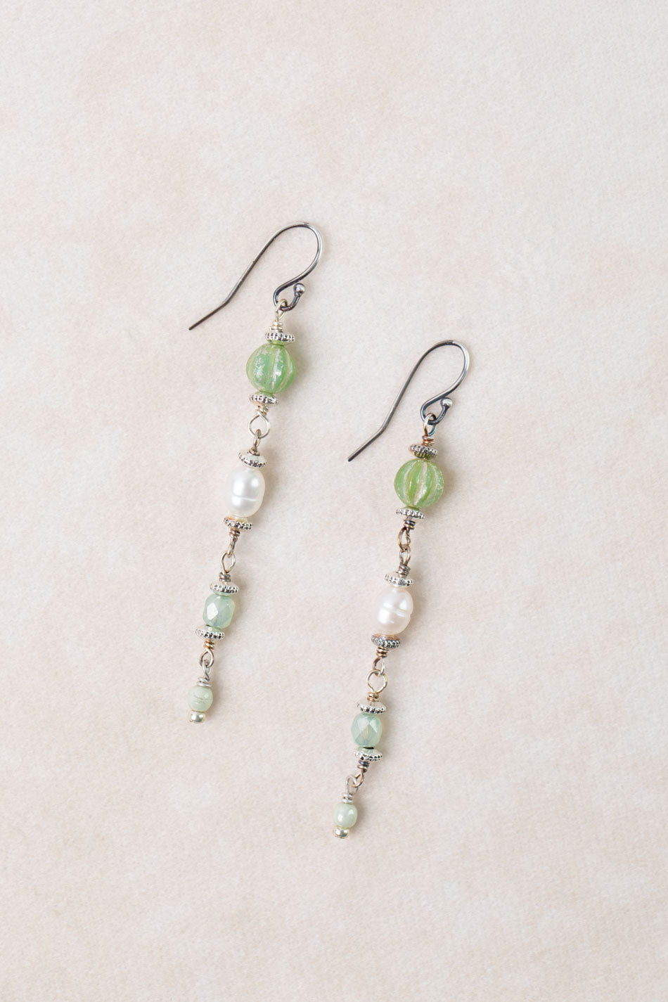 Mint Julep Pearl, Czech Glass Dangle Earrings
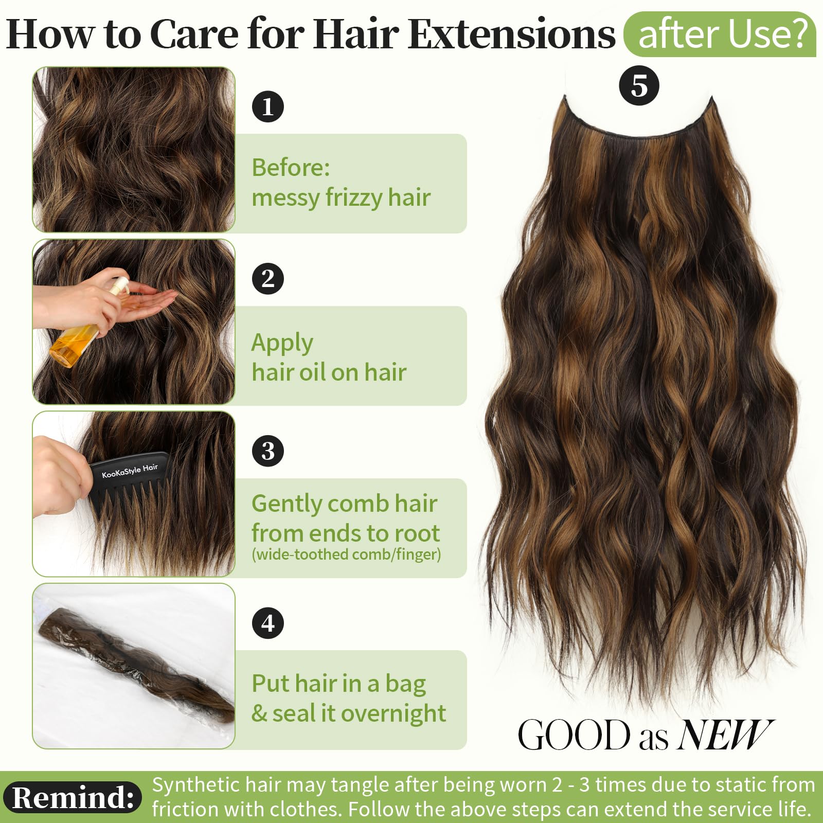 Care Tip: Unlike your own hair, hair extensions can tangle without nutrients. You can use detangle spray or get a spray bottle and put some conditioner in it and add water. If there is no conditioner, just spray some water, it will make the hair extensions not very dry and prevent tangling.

◆ ◆ ◆ ◆ ◆

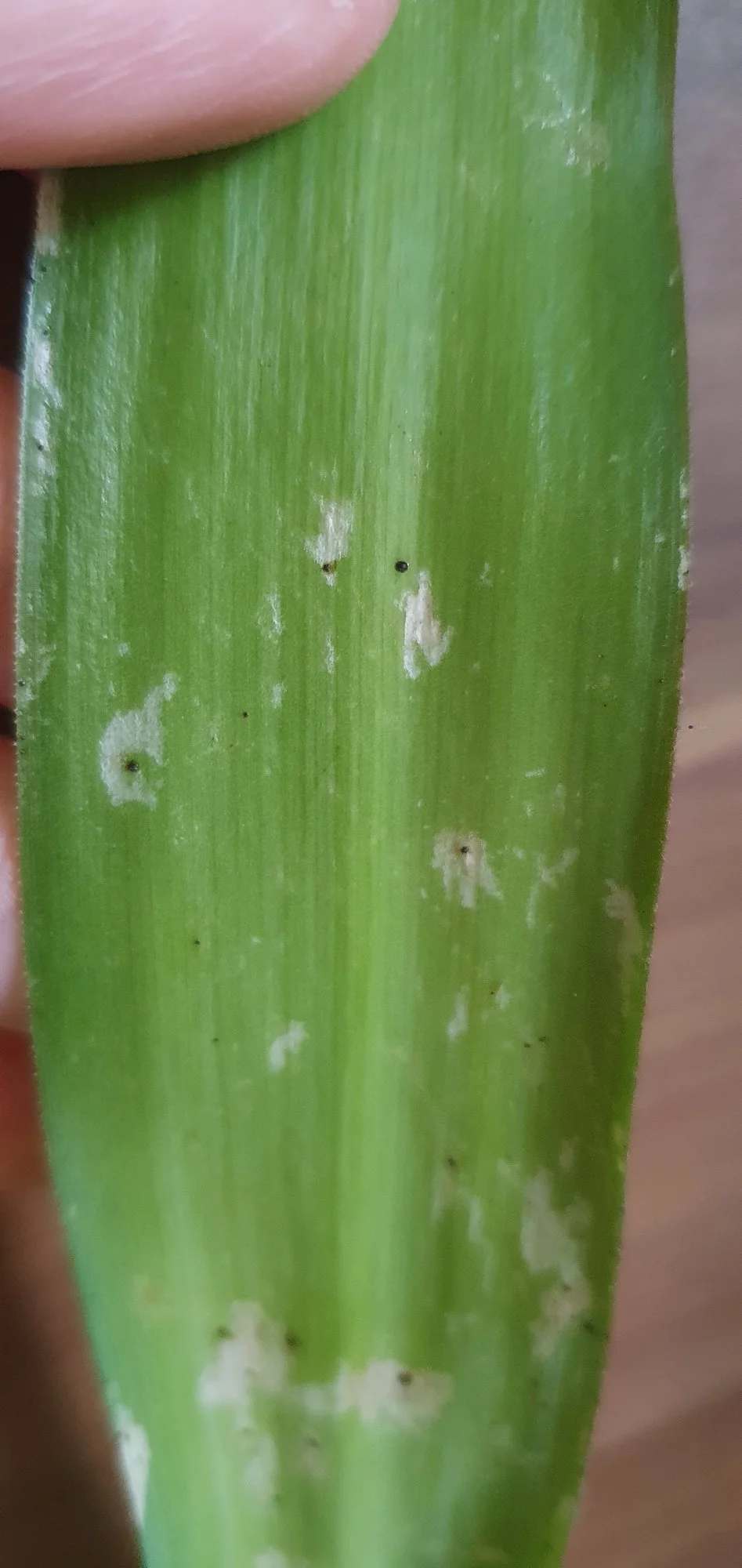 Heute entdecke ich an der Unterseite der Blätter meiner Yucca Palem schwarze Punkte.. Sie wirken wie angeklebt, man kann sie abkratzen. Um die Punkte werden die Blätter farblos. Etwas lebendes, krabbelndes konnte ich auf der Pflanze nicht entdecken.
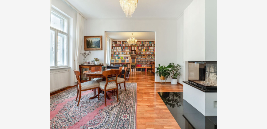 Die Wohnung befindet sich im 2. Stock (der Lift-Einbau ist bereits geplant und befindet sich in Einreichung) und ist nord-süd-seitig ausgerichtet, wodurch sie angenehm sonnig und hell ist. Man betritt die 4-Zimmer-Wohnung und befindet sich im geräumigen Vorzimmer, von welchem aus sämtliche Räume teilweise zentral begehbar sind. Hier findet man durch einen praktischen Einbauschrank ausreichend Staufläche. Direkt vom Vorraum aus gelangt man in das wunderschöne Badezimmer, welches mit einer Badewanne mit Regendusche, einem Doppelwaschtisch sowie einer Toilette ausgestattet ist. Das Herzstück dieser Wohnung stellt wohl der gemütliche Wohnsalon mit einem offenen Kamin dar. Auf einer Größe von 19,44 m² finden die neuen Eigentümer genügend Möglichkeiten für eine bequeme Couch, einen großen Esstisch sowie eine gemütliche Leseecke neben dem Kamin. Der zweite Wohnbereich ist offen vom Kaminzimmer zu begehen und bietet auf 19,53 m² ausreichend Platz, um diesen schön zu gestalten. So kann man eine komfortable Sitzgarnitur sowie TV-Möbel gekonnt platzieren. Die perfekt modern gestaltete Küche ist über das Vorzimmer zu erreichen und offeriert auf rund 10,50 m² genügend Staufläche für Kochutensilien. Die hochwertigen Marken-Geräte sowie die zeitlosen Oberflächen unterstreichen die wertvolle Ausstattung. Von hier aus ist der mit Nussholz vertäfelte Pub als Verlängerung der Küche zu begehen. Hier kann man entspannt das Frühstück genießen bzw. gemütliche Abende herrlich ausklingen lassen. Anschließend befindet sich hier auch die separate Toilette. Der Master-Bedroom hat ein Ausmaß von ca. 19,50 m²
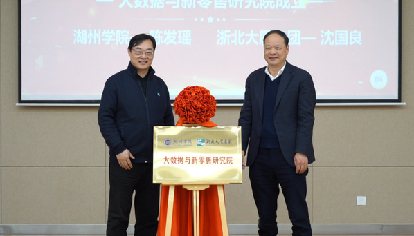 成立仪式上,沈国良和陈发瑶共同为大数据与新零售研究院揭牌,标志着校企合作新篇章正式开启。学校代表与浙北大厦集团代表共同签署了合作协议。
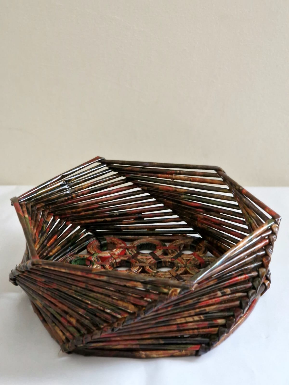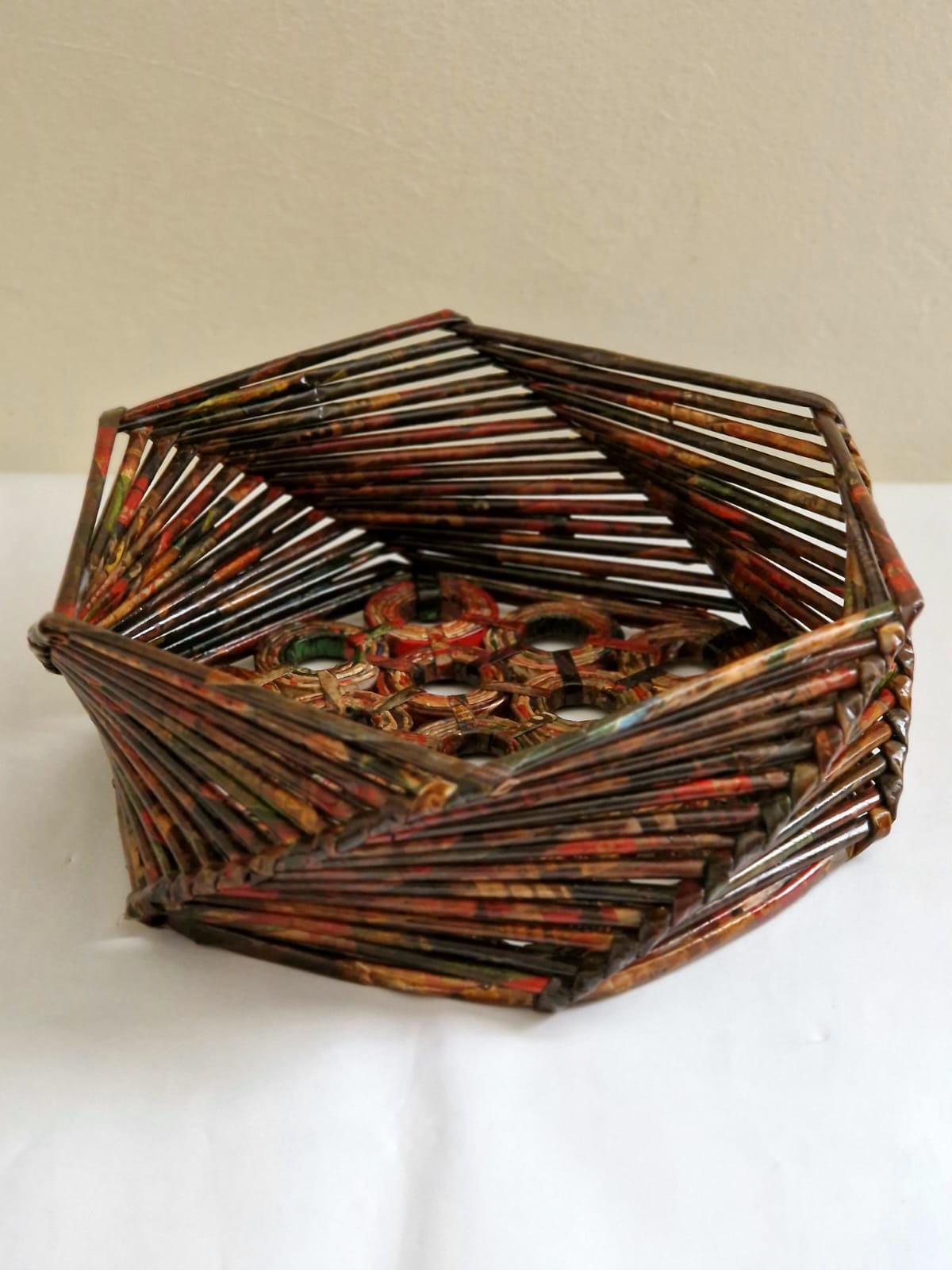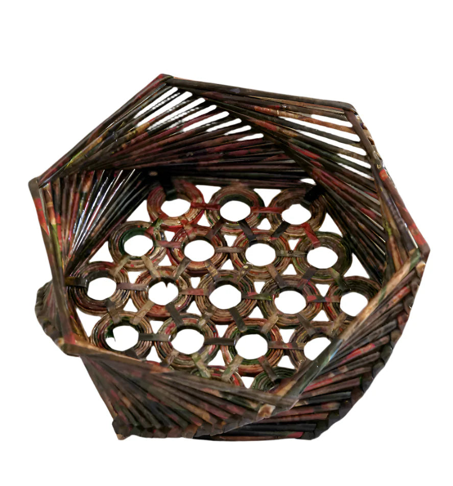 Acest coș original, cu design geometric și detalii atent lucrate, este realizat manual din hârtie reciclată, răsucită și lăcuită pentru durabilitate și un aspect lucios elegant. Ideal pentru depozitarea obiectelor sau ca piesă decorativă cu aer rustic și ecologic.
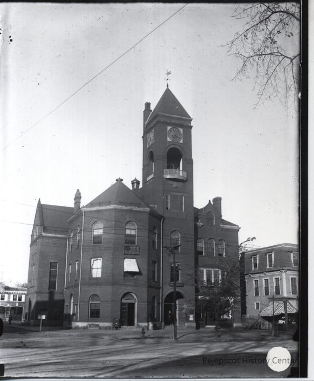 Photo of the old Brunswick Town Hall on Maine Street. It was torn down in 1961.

◆ ◆ ◆ ◆ ◆

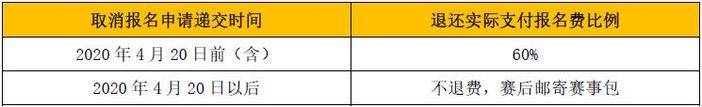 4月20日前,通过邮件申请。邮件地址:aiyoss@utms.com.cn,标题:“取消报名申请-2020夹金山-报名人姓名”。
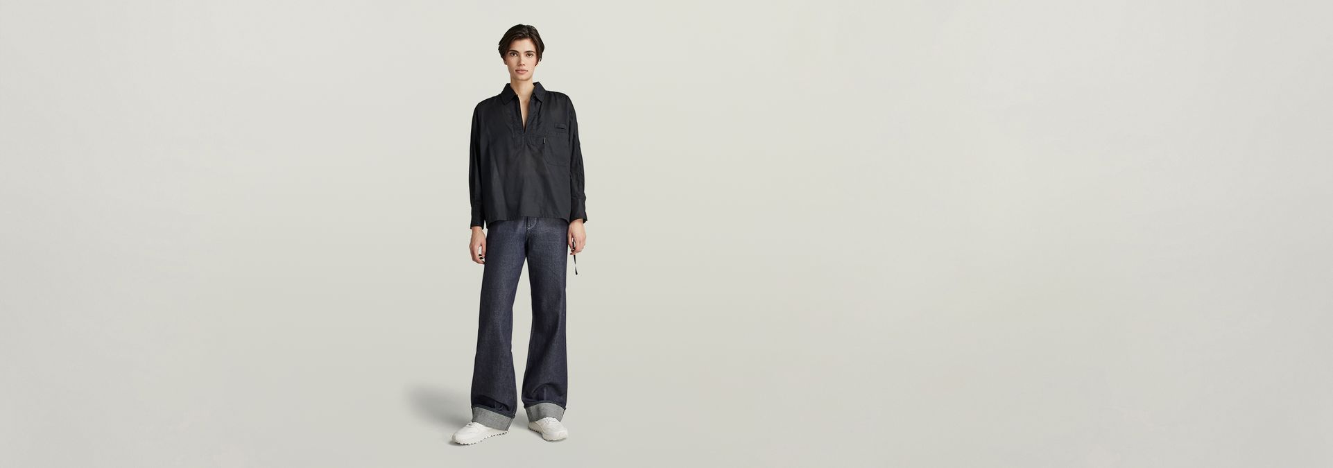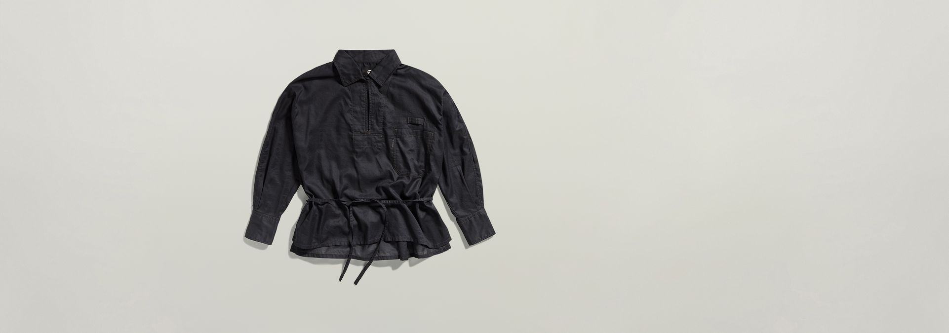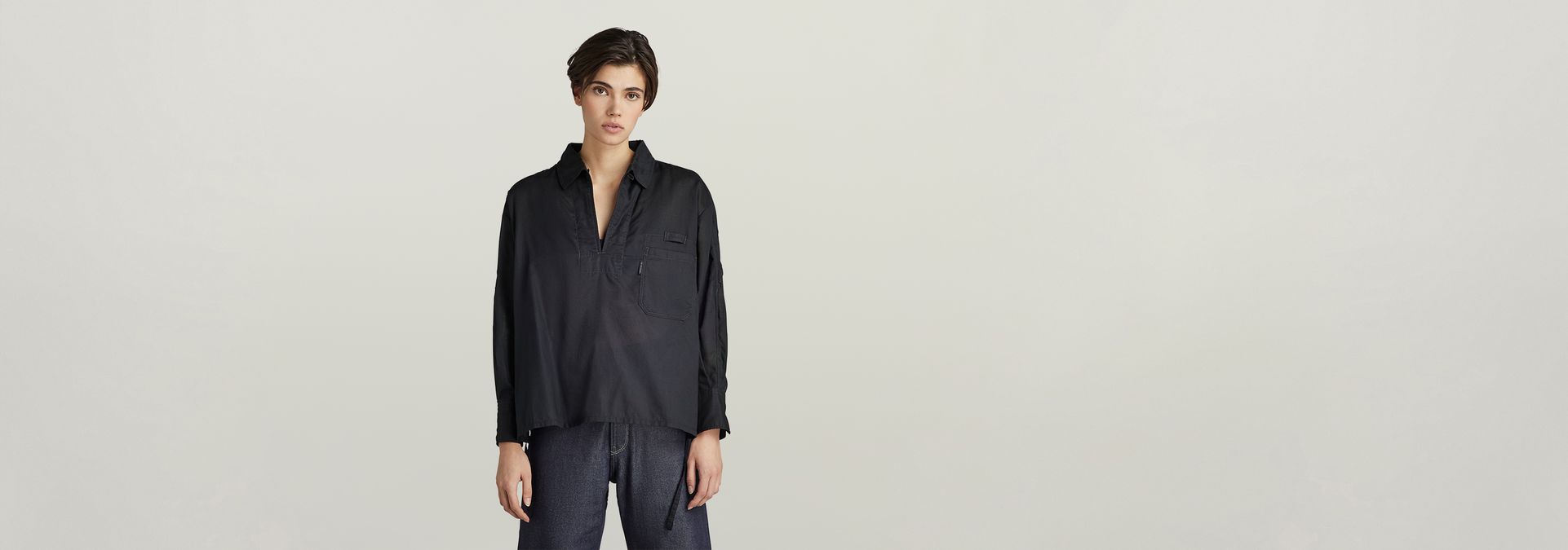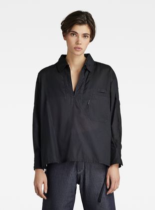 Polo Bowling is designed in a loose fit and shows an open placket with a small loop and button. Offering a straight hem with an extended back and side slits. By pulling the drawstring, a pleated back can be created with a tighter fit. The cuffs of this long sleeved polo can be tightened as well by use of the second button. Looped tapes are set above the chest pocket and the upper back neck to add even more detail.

◆ ◆ ◆ ◆ ◆

▶ **What this task involves**:
Please output, exactly as written, the lines above from the one holding "Die Wohnung befindet" through the one holding "Photo of the", both included, with the pictures omitted.

▶ **Reply**:
 Die Wohnung befindet sich im 2. Stock (der Lift-Einbau ist bereits geplant und befindet sich in Einreichung) und ist nord-süd-seitig ausgerichtet, wodurch sie angenehm sonnig und hell ist. Man betritt die 4-Zimmer-Wohnung und befindet sich im geräumigen Vorzimmer, von welchem aus sämtliche Räume teilweise zentral begehbar sind. Hier findet man durch einen praktischen Einbauschrank ausreichend Staufläche. Direkt vom Vorraum aus gelangt man in das wunderschöne Badezimmer, welches mit einer Badewanne mit Regendusche, einem Doppelwaschtisch sowie einer Toilette ausgestattet ist. Das Herzstück dieser Wohnung stellt wohl der gemütliche Wohnsalon mit einem offenen Kamin dar. Auf einer Größe von 19,44 m² finden die neuen Eigentümer genügend Möglichkeiten für eine bequeme Couch, einen großen Esstisch sowie eine gemütliche Leseecke neben dem Kamin. Der zweite Wohnbereich ist offen vom Kaminzimmer zu begehen und bietet auf 19,53 m² ausreichend Platz, um diesen schön zu gestalten. So kann man eine komfortable Sitzgarnitur sowie TV-Möbel gekonnt platzieren. Die perfekt modern gestaltete Küche ist über das Vorzimmer zu erreichen und offeriert auf rund 10,50 m² genügend Staufläche für Kochutensilien. Die hochwertigen Marken-Geräte sowie die zeitlosen Oberflächen unterstreichen die wertvolle Ausstattung. Von hier aus ist der mit Nussholz vertäfelte Pub als Verlängerung der Küche zu begehen. Hier kann man entspannt das Frühstück genießen bzw. gemütliche Abende herrlich ausklingen lassen. Anschließend befindet sich hier auch die separate Toilette. Der Master-Bedroom hat ein Ausmaß von ca. 19,50 m²
 成立仪式上,沈国良和陈发瑶共同为大数据与新零售研究院揭牌,标志着校企合作新篇章正式开启。学校代表与浙北大厦集团代表共同签署了合作协议。
 Acest coș original, cu design geometric și detalii atent lucrate, este realizat manual din hârtie reciclată, răsucită și lăcuită pentru durabilitate și un aspect lucios elegant. Ideal pentru depozitarea obiectelor sau ca piesă decorativă cu aer rustic și ecologic.
 Photo of the old Brunswick Town Hall on Maine Street. It was torn down in 1961.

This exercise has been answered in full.